→ Exercise goal: Look below for the line containing "Набор из трёх", then write out that line and every line after it to the end, exactly, minus the pictures.

→ Exercise material:
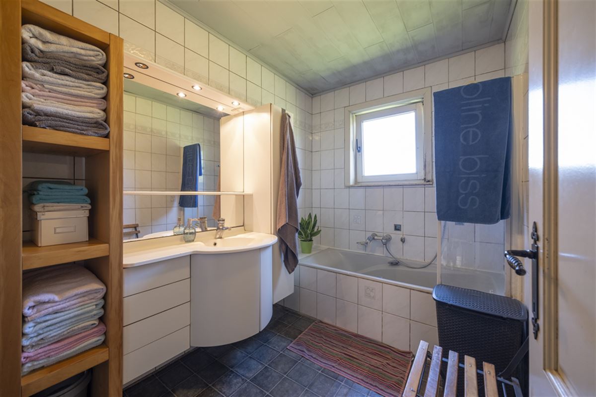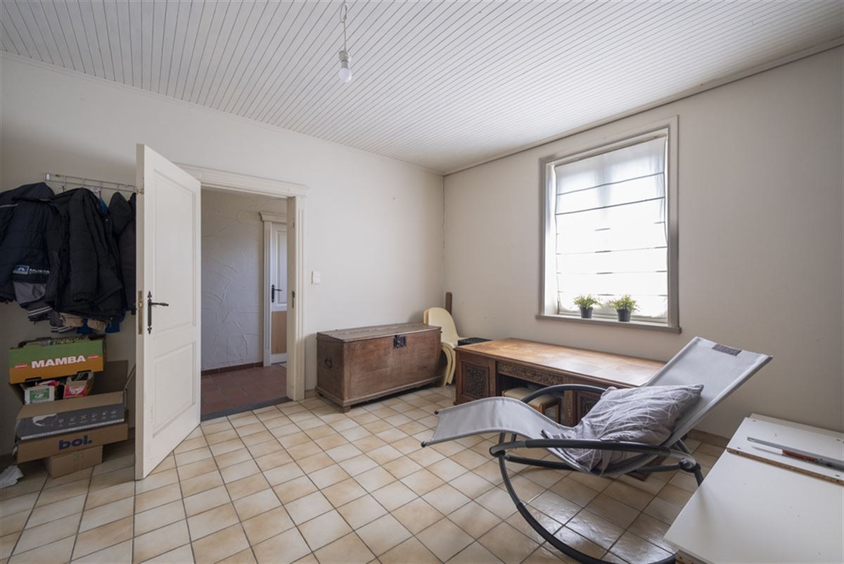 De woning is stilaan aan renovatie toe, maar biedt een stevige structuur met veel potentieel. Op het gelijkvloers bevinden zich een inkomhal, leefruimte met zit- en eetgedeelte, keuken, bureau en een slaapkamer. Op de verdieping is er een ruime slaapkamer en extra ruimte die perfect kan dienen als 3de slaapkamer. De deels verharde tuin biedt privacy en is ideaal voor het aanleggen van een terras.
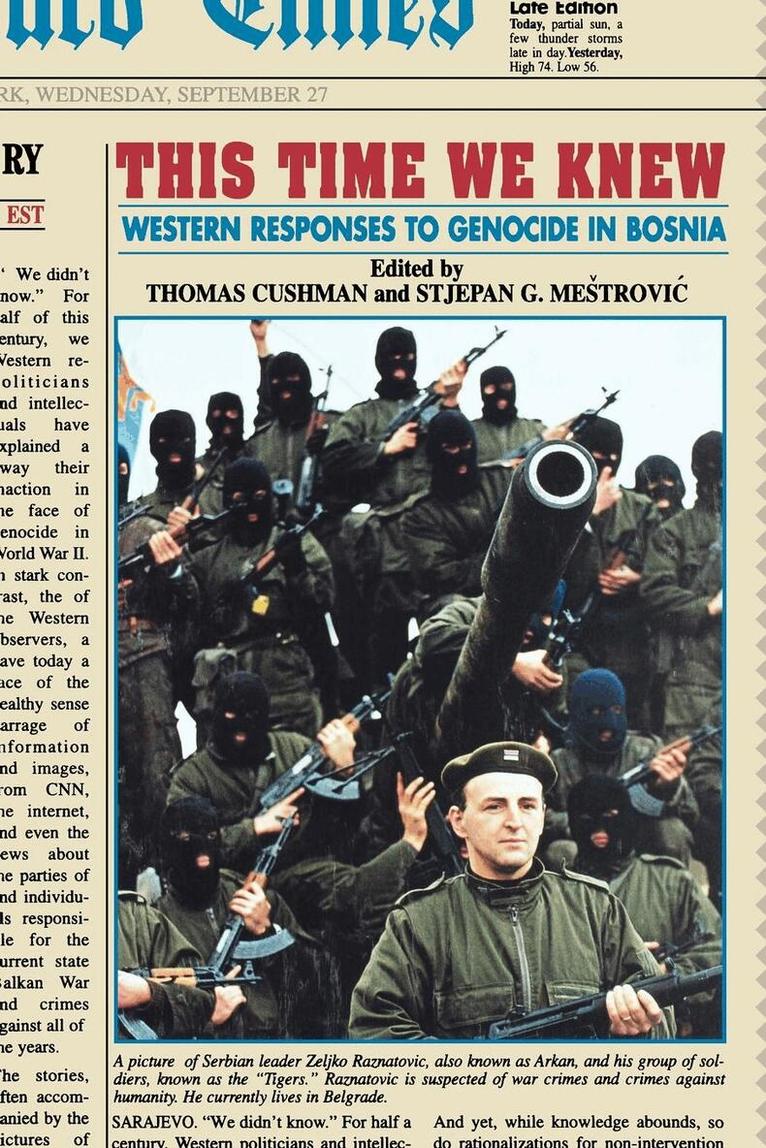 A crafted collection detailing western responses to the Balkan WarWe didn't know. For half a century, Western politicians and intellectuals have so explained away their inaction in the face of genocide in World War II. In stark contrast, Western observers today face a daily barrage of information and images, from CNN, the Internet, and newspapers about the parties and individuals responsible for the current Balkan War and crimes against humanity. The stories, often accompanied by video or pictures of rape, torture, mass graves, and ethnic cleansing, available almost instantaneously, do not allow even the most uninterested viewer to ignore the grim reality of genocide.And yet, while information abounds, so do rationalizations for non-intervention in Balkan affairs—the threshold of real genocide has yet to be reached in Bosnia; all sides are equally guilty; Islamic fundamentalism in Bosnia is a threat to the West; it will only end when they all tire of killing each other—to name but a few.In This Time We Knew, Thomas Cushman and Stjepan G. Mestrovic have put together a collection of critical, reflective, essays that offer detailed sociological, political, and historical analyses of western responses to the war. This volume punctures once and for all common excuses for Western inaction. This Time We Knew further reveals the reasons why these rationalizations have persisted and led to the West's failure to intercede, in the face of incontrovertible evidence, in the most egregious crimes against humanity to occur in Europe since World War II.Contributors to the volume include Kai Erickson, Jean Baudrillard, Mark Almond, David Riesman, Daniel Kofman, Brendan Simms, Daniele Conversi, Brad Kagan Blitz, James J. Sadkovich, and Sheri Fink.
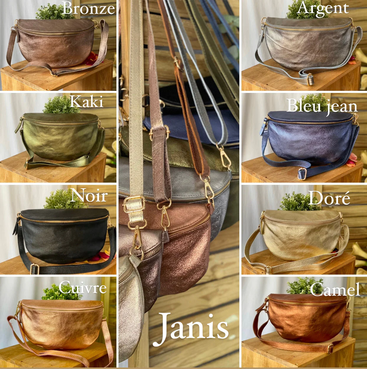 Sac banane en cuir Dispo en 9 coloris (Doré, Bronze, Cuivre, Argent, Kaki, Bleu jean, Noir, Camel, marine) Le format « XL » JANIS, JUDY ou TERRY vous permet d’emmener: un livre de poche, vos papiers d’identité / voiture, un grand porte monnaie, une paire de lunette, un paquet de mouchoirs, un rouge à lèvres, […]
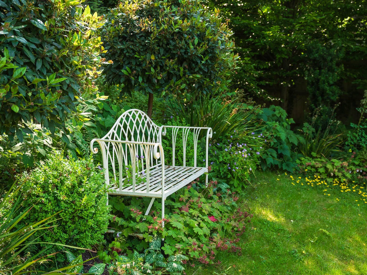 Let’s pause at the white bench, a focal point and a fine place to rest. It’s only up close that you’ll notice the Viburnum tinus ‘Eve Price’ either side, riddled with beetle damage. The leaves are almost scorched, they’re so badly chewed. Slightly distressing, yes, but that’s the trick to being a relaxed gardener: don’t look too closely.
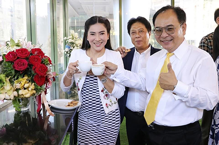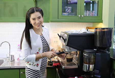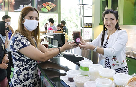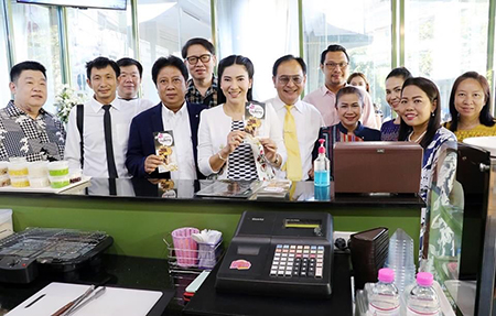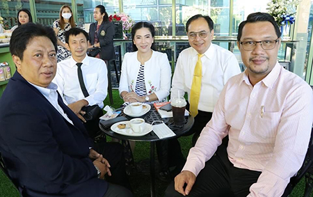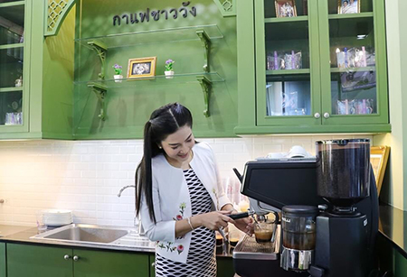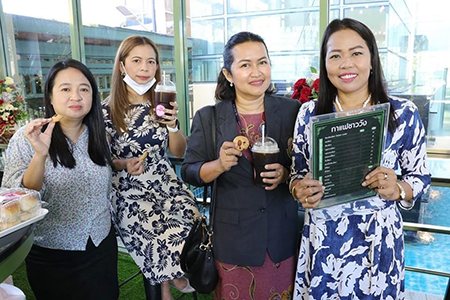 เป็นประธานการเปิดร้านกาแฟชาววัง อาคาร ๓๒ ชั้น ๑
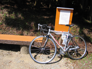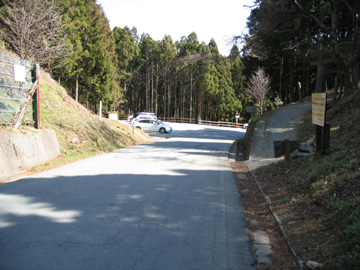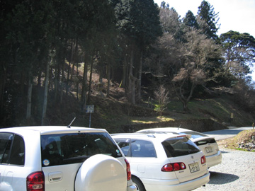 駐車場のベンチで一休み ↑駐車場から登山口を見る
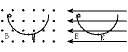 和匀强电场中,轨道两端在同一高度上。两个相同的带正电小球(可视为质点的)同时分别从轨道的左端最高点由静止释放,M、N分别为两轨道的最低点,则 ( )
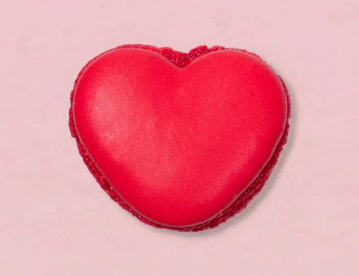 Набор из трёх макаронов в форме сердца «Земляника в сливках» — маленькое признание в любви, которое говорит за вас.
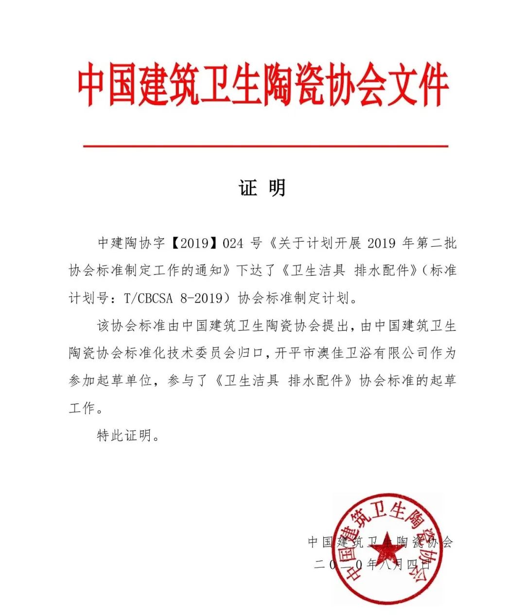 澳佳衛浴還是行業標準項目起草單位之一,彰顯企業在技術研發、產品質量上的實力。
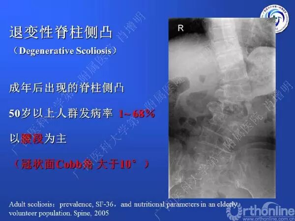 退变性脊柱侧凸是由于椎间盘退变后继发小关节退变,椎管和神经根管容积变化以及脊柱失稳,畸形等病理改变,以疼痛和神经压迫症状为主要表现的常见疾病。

→ Answer:
 Набор из трёх макаронов в форме сердца «Земляника в сливках» — маленькое признание в любви, которое говорит за вас.
 澳佳衛浴還是行業標準項目起草單位之一,彰顯企業在技術研發、產品質量上的實力。
 退变性脊柱侧凸是由于椎间盘退变后继发小关节退变,椎管和神经根管容积变化以及脊柱失稳,畸形等病理改变,以疼痛和神经压迫症状为主要表现的常见疾病。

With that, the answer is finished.